Sendo assim, sob baixa ou média performance, o novo MBP supera o prometido e alcança uma autonomia maior do que 7 horas de bateria.

Reparos e upgrade

Para os que amam fazer tours pelas máquinas, trocando algum elemento por outro ou fazendo upgrade no hardware, o novo MBP é uma péssima escolha, já que não é possível fazer nada disso, a não ser no ato da encomenda. Eu sou contra esses tipos de passeios por dentro dos computadores, ainda mais considerando que a configuração inicial atende perfeitamente às minhas necessidades.
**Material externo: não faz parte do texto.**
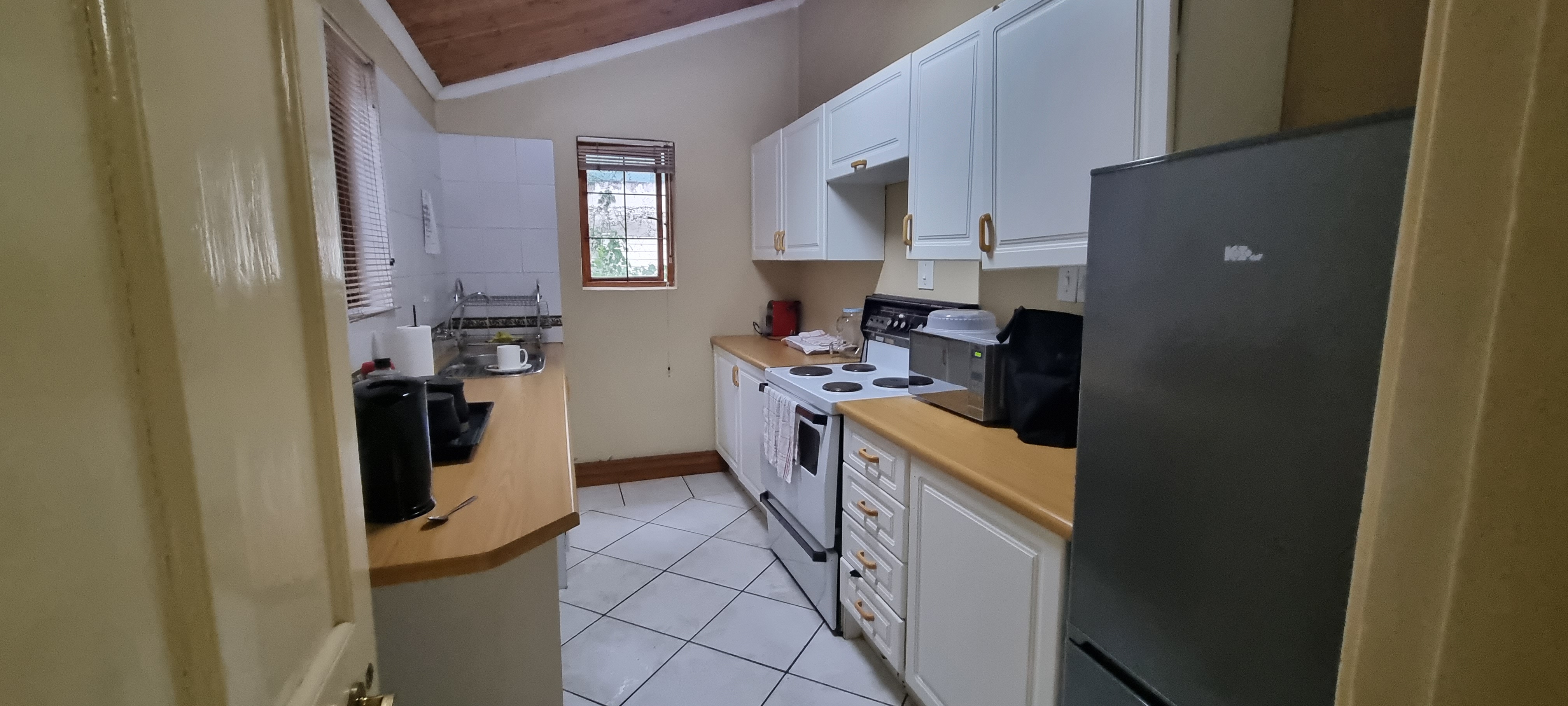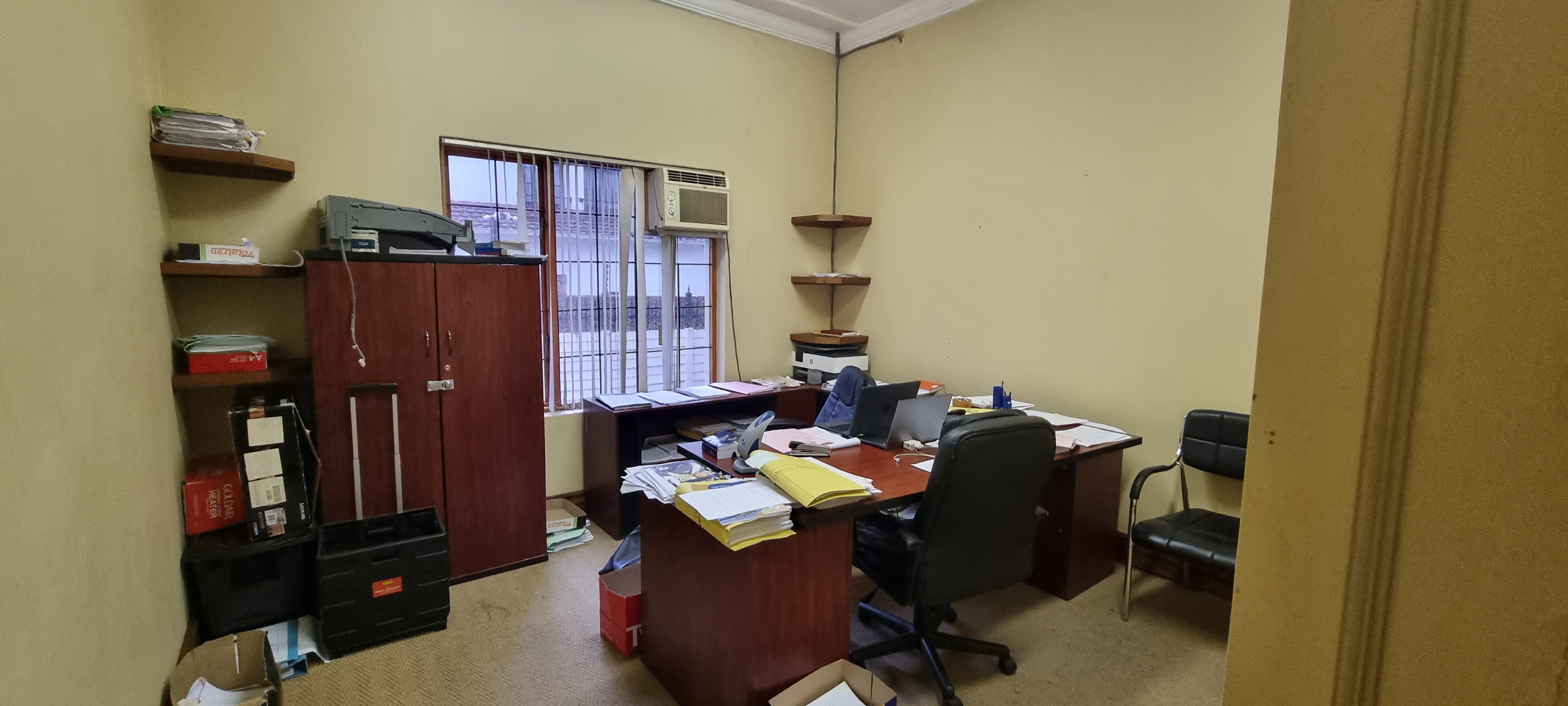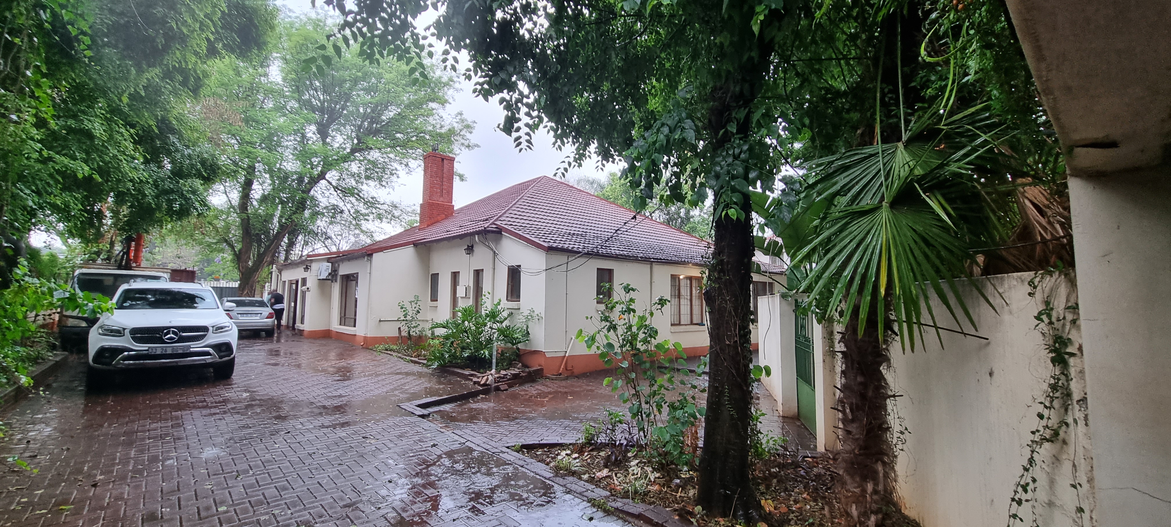 The primary residence features four spacious office rooms, a welcoming reception area, two boardrooms, a convenient storeroom, as well as an equipped kitchen, a cozy lounge, and three bathrooms. Additionally, the property offers an expansive lockup garage accommodating up to four cars, supplemented by extra open bays for parking, allowing space for an additional four to five vehicles. As an added bonus, two self catering units at the rear of the property, providing flexibility for various living arrangements. Domestic accommodation are also included, enhancing the property's overall utility and value.

O único problema seriam, nesse caso, os possíveis reparos: enquanto dentro da garantia, excelente, qualquer defeito eles têm que trocar a máquina toda; mas caso ela já tenha expirado, um simples problema pode acarretar na perda do notebook ou em custos elevadíssimos.

Considerações finais

O novo MacBook Pro possui uma performance impressionante para atividades do dia-a-dia e profissionais; é a melhor escolha, de longe, para quem visa desempenho e portabilidade.

MacBook Pro com tela Retina - por Thiago Drummond


✔ PRÓS

  • Leve e fino.
  • Alta performance.
  • Tela Retina.
✘ CONTRAS

  • Baixa possibilidade de reparo.
  • Poucas portas USB.
  • Altos custos.

O computador deixou de ser um artigo de luxo e estética, uniu o melhor do MacBook Air e o melhor do Pro, nascendo o “MacBook Retina” [hehe]. Aos que já tiveram a oportunidade de testá-lo, não deixem de compartilhar suas opiniões e avaliações no espaço de comentários abaixo! 😉

No Brasil, a linha de MacBooks Pro com telas Retina custa a partir de R$7.000.